First, I will define a couple of things: compressed air plant versus compressed air system.
A compressed air plant refers to the primary equipment that produces and conditions compressed air, and typically includes:
- Compressors (screw, centrifugal, reciprocating)
- Aftercoolers
- Dryers
- Filters
- Air receivers (sometimes)
- Controls/sequencing
A compressed air system refers to the entire ecosystem from the plant to the end-use loads. The system typically includes:
- Everything in the plant plus
- Distribution piping
- Storage (receivers throughout the system)
- End uses (tools, actuators, processes)
- Leaks
Controls and Sequencing
I touched on this last week, but to drive it home, ensure the best and most efficient unloading compressor is always putting the last unit of compressed air (cubic feet per minute, or cfm) into the system. I call this compressor the trim compressor. As discussed and demonstrated last week, the most efficient part-load, trim compressor is usually a lubricated screw compressor with integrated variable-speed controls.
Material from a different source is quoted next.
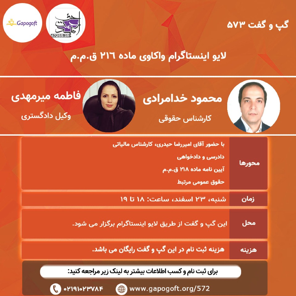 گپ و گفت - حضوری | شنبه ۲۶ بهمن 1398 ساعت 17:00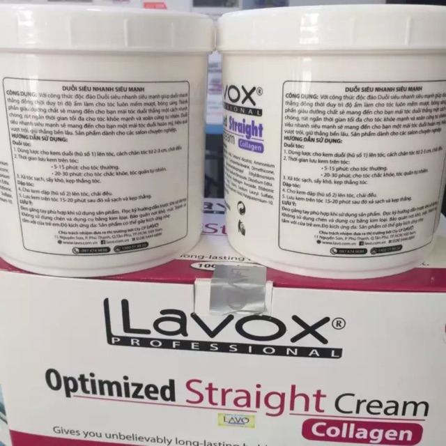 DUỖI SIÊU NHANH SIÊU MẠNH COLLAGEN LAVOX CÔNG DỤNG Duỗi siêu nhanh siêu mạnh collagen giúp duỗi nhanh thẳng đồng thời duy trì độ ẩm làm cho tóc luôn mềm mượt, bóng sáng. Thành phần giàu dưỡng chất sẽ mang đến cho bạn mái tóc duỗi thẳng một cách nhanh chóng, rút ngắn thời gian tối đa cho tóc khỏe mạnh tự nhiên. Duỗi siêu nhanh siêu mạnh collagen sẽ mang đến cho bạn một mái tóc duỗi hoàn mỹ, hiệu quả vượt trội, giữ thẳng bền lâu. DUNG TÍCH 1000ml x2 HƯỚNG DẪN SỬ DỤNG Duỗi tóc: 1. Dùng lược cho kem duỗi (hũ số 1) lên tóc, cách chân tóc từ 2-3 cm, chải đều. 2. Thời gian lưu kem trên tóc: 3. 5-10 phút: cho tóc thường. 4. 15-20 phút: cho tóc chắc khỏe, tóc quăn tự nhiên. 3. Xả tóc sạch, sấy khô, kẹp thẳng tóc. Dập tóc: 4. Cho kem dập (hũ số 2) lên tóc, chải đều. 5. Lưu kem trên tóc 10-15 phút sau đó xả sạch và kẹp thẳng.

It’s been a long time, but back in my day, I witnessed compressed air plants running willy nilly with several compressors, including ones with poor unloading performance, operating at part load. I have also seen operators rotate compressors to level out wear, using inefficient units to trim much of the time. Always use the most efficient trim compressor, even if it’s the only one in the plant.
Dryers
When air is compressed, the dew point of the air/water vapor mixture (ambient air) rises substantially. What does that mean? Water condenses and forms once the compressed air cools to ambient temperature in the plant/system. Figure 1[1] shows how the dew point rises as air is compressed. I’ll boil it down for you. Essentially, any time the outdoor air temperature is above 20-30 degrees, there will be condensate in the compressed air at 100 psig (pounds per square inch, gauge). In other words, there will almost always be condensate in the compressed air plant and system. The liquid must be removed.
Figure 1 Compressed Air Dew Points
There are two primary types of compressed air dryers: refrigerated and desiccant, both of which can also be used to dehumidify air in HVAC systems.
Refrigerated dryers dry air the same way air conditioning does. The compressed air is cooled to the desired pressure dew point to condense water out of the air-water mixture.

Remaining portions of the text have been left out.